Government loses 2nd case
This marks the second time a jury failed to convict the defendants on charges related to the standoff, which pitted armed ranchers and militia members against Bureau of Land Management agents in a dusty wash below Interstate 15 about 70 miles north of Las Vegas.
Social media exploded with posts on Twitter and Facebook from Bundy supporters, many of whom have maintained a sidewalk rally since the first trial of these defendants opened in February.
Jurors in the second trial notified Navarro on Tuesday they had reached an impasse on several counts. The defendants were called into court at 2 p.m. when the verdicts were announced.
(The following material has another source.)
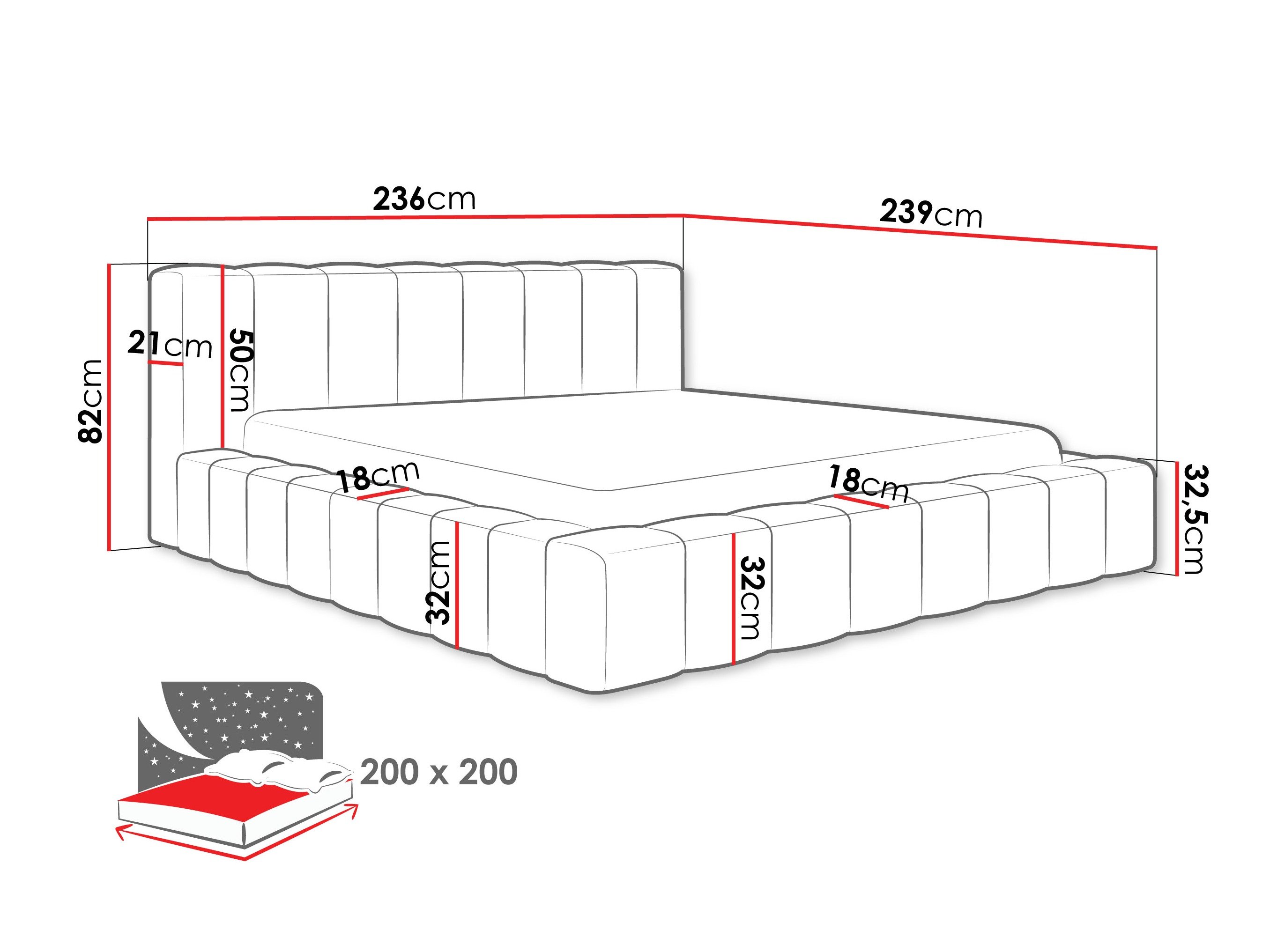Dimensions de la boîte à literie:
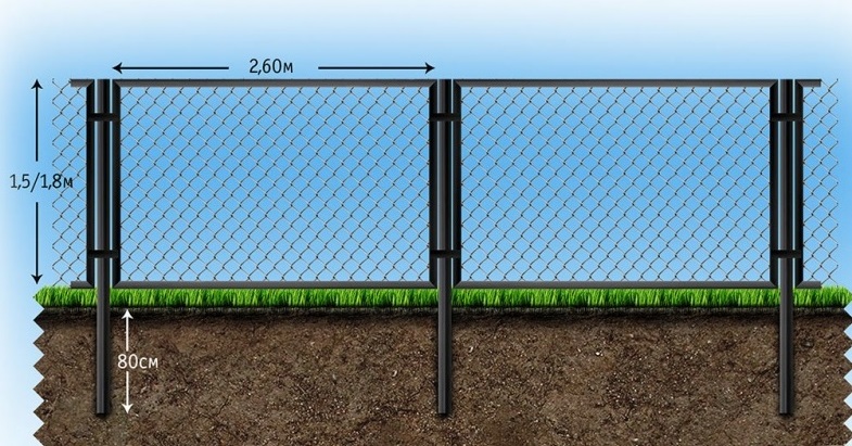- Монтаж стовпів. На початку встановлюється кутові конструкції, які будуть брати на себе базове навантаження. Далі монтується вхідна група, після чого робиться встановлення звичайних стовпів з проміжком приблизно в 2,5 м.

The men were being retried on conspiracy, extortion, assault and obstruction charges for helping Nevada rancher Cliven Bundy fend off a government roundup of his cattle in what became known as the Battle of Bunkerville.
A jury in April deadlocked on charges against the four men. It convicted two other defendants on multiple counts. But it could not agree on conspiracy charges — a key component of the government’s case — against any of the six.
The government launched its second prosecution last month. The case climaxed Aug. 11 when Navarro abruptly ended court by ordering Parker off the stand and striking his testimony from the record as jurors watched.
The defendant was attempting to tell jurors what he saw during the standoff over a barrage of objections from prosecutors. Navarro ruled Parker violated court orders by discussing prohibited topics. Parker returned to the defense table and started crying while Navarro dismissed the jurors.
Marchese said jurors told him Tuesday the incident was a factor in their verdicts.
“That weighed heavily in their decision,” Marchese said. “They wanted to hear him speak. It was very bothersome to them. They felt like they weren’t getting the whole story.”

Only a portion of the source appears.